Tim Bray’s article on RESTful Casuistry revisits an odd meme in the REST debates that I’ve been meaning to discredit for a while.

Some people think that REST suggests not to use POST for updates.  Search my dissertation and you won’t find any mention of CRUD or POST. The only mention of PUT is in regard to HTTP’s lack of write-back caching.  The main reason for my lack of specificity is because the methods defined by HTTP are part of the Web’s architecture definition, not the REST architectural style. Specific method definitions (aside from the retrieval:resource duality of GET) simply don’t matter to the REST architectural style, so it is difficult to have a style discussion about them. The only thing REST requires of methods is that they be uniformly defined for all resources (i.e., so that intermediaries don’t have to know the resource type in order to understand the meaning of the request). As long as the method is being used according to its own definition, REST doesn’t have much to say about it.

For example, it isn’t RESTful to use GET to perform unsafe operations because that would violate the definition of the GET method in HTTP, which would in turn mislead intermediaries and spiders.  It isn’t RESTful to use POST for information retrieval when that information corresponds to a potential resource, because that usage prevents safe reusability and the network-effect of having a URI. But why shouldn’t you use POST to perform an update? Hypertext can tell the client which method to use when the action being taken is unsafe. PUT is necessary when there is no hypertext telling the client what to do, but lacking hypertext isn’t particularly RESTful.

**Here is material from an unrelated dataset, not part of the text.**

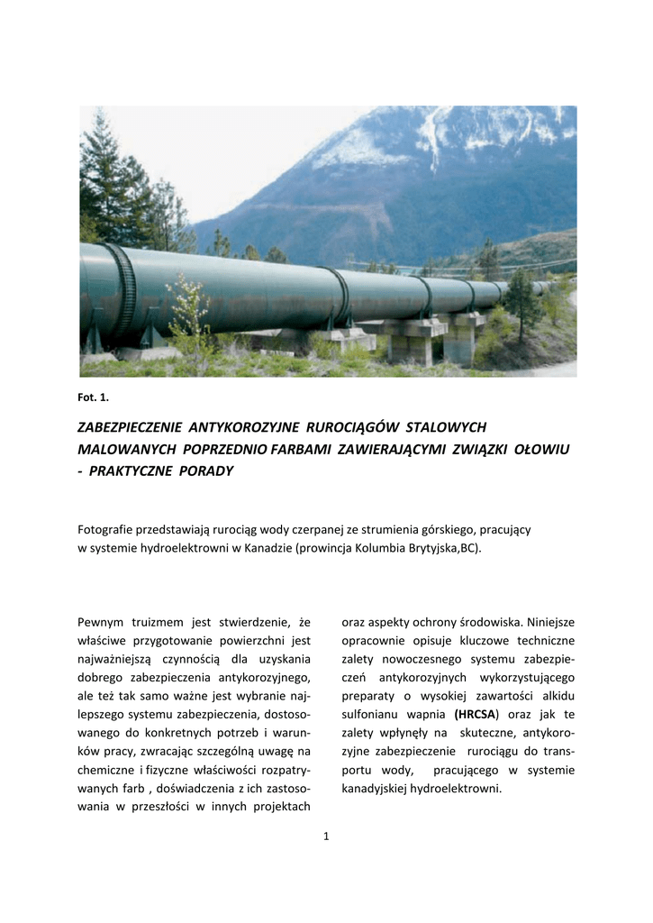 Fot. 1. ZABEZPIECZENIE ANTYKOROZYJNE RUROCIĄGÓW STALOWYCH MALOWANYCH POPRZEDNIO FARBAMI ZAWIERAJĄCYMI ZWIĄZKI OŁOWIU - PRAKTYCZNE PORADY Fotografie przedstawiają rurociąg wody czerpanej ze strumienia górskiego, pracujący w systemie hydroelektrowni w Kanadzie (prowincja Kolumbia Brytyjska,BC). Pewnym truizmem jest stwierdzenie, że właściwe przygotowanie powierzchni jest najważniejszą czynnością dla uzyskania dobrego zabezpieczenia antykorozyjnego, ale też tak samo ważne jest wybranie najlepszego systemu zabezpieczenia, dostosowanego do konkretnych potrzeb i warunków pracy, zwracając szczególną uwagę na chemiczne i fizyczne właściwości rozpatrywanych farb , doświadczenia z ich zastosowania w przeszłości w innych projektach oraz aspekty ochrony środowiska. Niniejsze opracownie opisuje kluczowe techniczne zalety nowoczesnego systemu zabezpieczeń antykorozyjnych wykorzystującego preparaty o wysokiej zawartości alkidu sulfonianu wapnia (HRCSA) oraz jak te zalety wpłynęły na skuteczne, antykorozyjne zabezpieczenie rurociągu do transportu wody, pracującego w systemie kanadyjskiej hydroelektrowni. 1 Zazwyczaj zaleca się całkowite usuwanie starych powłok, ale możliwe jest również wybiórcze czyszczenie powierzchni, usuwa się tylko te fragmenty starych powłok, które są znieszczone - nazywa się to czyszczeniem strefowym. Dotychczas, opisywany system TR jest powszechnie znany z zastosowań do zabezpieczeń antykorozyjnych mostów o konstrukcji stalowej. Stosuje się go w pełnym zakresie, z pełnym oczyszczeniem całych powierzchni i całkowitym pokryciem nową, jednolitą powłoką. Technologia pozwala pozostawić nieoczyszczone miejsca pokryte starymi powłokami. Gdy nie poddają się czyszczeniu wysokociśnieniową myjką wodną, pozwala traktować je jako pełnocenną warstwę podkładową (przyczepność do podłoża po takim myciu daje dostateczną gwarancję). Dla osiągnięcia sukcesu podczas planowania i wykonania zabezpieczenia antykorozyjnego należy spełnić następujące wymagania: - staranne wybrać system zabezpieczenia, zwracając szczególną uwagę na jego skuteczność w ekstremalnych warunkach użytkowania. - przewidzieć konieczność jego stosowania w czasie zimnych pór roku (jeśli taka może wystąpić) ze względu na możliwe utrudnienia w aplikacji preparatów - przeprowadzić rygorystyczną inspekcję planowanej do zabezpieczenia konstrukcji przed przystąpieniem do prac - przygotować dokładną instrukcję dla każdego etapu planowanych prac - stosować rygorystyczny nadzór każdego etapu wykonywanych prac Opisany jest tu konkretny przypadek, w którym system TR poradził sobie doskonale z zatrzymaniem korozji szczelinowej i wżerowej. Ze względu na prawie natychmiastowe gruntowanie oczyszczonych, zdegradowanych miejsc, system ten określany jest przez specjalistów „z branży” jako system kompaktowy. Jego ważną zaletą jest zdolność pokrywania pozostałości starych powłok z zawartością związków ołowiu, co przy bezołowiowym składzie preparatów, wchodzących w jego skład pozwala osiągnąć bezołowiową, finalną powłokę. Dla osiągnięcia oczekiwanych, pozytywnych rezultatów należy dokładnie przestrzegać procedur związanych z przeprowadzeniem każdego etapu prac i wykonywać je pod ciągłym , restrykcyjnym nadzorem. System TR już na etapie przygotowania powierzchni wyraźnie pokazuje swoje zalety: - koszty przygotowania powierzchni są wyraźnie mniejsze niż w przypadku stosowania innych technologii stosowanie wysokociśnieniowego mycia gorącą wodą zamiast piaskowania - wymogi związane z zachowaniem bezpieczeństwa pracy są mniej rygorystyczne - zmniejszona ilość odpadów do usunięcia, przy jednoczesnej redukcji ich szkodliwości (woda zamiast piaskowania) Wszystkie te argumenty przemawiają na rzecz wyboru technologii TR dla renowacji rurociągów pokrywanych poprzednio farbami z zawartością ołowiu. Argumenty te pozostają aktualne również w przypadku zabezpieczania nowych instalacji. 2 Tab. 1. Cechy wspomagające optymalne funkcjonowanie systemu TR. • • • • • • • • • • • • • • • • • • • • • szeroka kompatybilność z wszelkimi innymi rodzajami pokryć (szczególnie alkidowymi) łatwe pokrywanie powierzchni czyszczonych ręcznie, narzędziami mechanicznymi oraz wodą pod wysokim ciśnieniem udowodniona długotrwała elastyczność powłok ciągła chemiczna aktywność powłok doskonała penetracja wwszelkich szczelin, ubytków i peknięć konstrukcji wprowadzanie inhibitorów korozji w trudno dostępne miejsca struktury stalowej zdolność odblokowywania (uwalniania) zablokowanych korozją łożysk penetrant posiada wystarczająco wysokie ph aby zneutralizować kwasowość w skupiskach korozji duża zdolność penetranta do nawilżania, duża przyczepność i zdolność do głębokoiego wnikania w kapilarne szczeliny (niska lepkość) wysoka zawartość części stałych, jeśli trzeba nawet do 100% (brak rozpuszczalnika); ważne przy nanoszeniu na wszelkie krawędzie,również te z pozostałością starych powłok zdolność do tworzenia bariery przed dalszą korozją ( w innych systemach np. epoxydowych po względnie krótkim czasie powłoki odstają od podłoża pozorując zabezpieczenie, a pod nimi ma miejsce przyspieszona korozja) brak lub bardzo niska kurczliwość podczas sieciowania (wysychania) elastyczność powłok niska temperatura sieciowania łatwy sposób nanoszenia (pędzle, wałki, natrysk) powłoki penetranta jak i pokrycia końcowego pozostają mokre przez przedłużony czas zanim usieciują się zdolność wypierania wody ze szczelin lub częściowej z nią reakcji (staranie dobrany współczynnik sieciowania) minimalne naprężenia na granicy warstw (ważne przy pokrywaniu starych powłok) ciągłe inhibitowanie korozji odporność na promieniowanie UV samoistna biodegradowalność – system przyjazny dla natural

POST only becomes an issue when it is used in a situation for which some other method is ideally suited: e.g., retrieval of information that should be a representation of some resource (GET), complete replacement of a representation (PUT), or any of the other standardized methods that tell intermediaries something more valuable than “this may change something.” The other methods are more valuable to intermediaries because they say something about how failures can be automatically handled and how intermediate caches can optimize their behavior. POST does not have those characteristics, but that doesn’t mean we can live without it. POST serves many useful purposes in HTTP, including the general purpose of “this action isn’t worth standardizing.”

I think the anti-POST meme got started because of all the arguments against tunneling other protocols via HTTP’s POST (e.g., SOAP, RSS, IPP, etc.). Somewhere along the line people started equating the REST arguments of “don’t violate HTTP’s method definitions” and “always use GET for retrieval because that forces the resource to have a URI” with the paper tiger of “POST is bad.”

Please, let’s move on. We don’t need to use PUT for every state change in HTTP. REST has never said that we should.

What matters is that every important resource have a URI, therein allowing representations of that resource to be obtained using GET.  If the deployment state is an important resource, then I would expect it to have states for undeployed, deployment requested, deployed, and undeployment requested. The advantage of those states is that other clients looking at the resource at the same time would be properly informed, which is just good design for UI feedback. However, I doubt that Tim’s application would consider that an important resource on its own, since the deployment state in isolation (separate from the thing being deployed) is not a very interesting or reusable resource.

Personally, I would just use POST for that button. The API can compensate for the use of POST by responding with the statement that the client should refresh its representation of the larger resource state. In other words, I would return a 303 response that redirected back to the VM status, so that the client would know that the state has changed.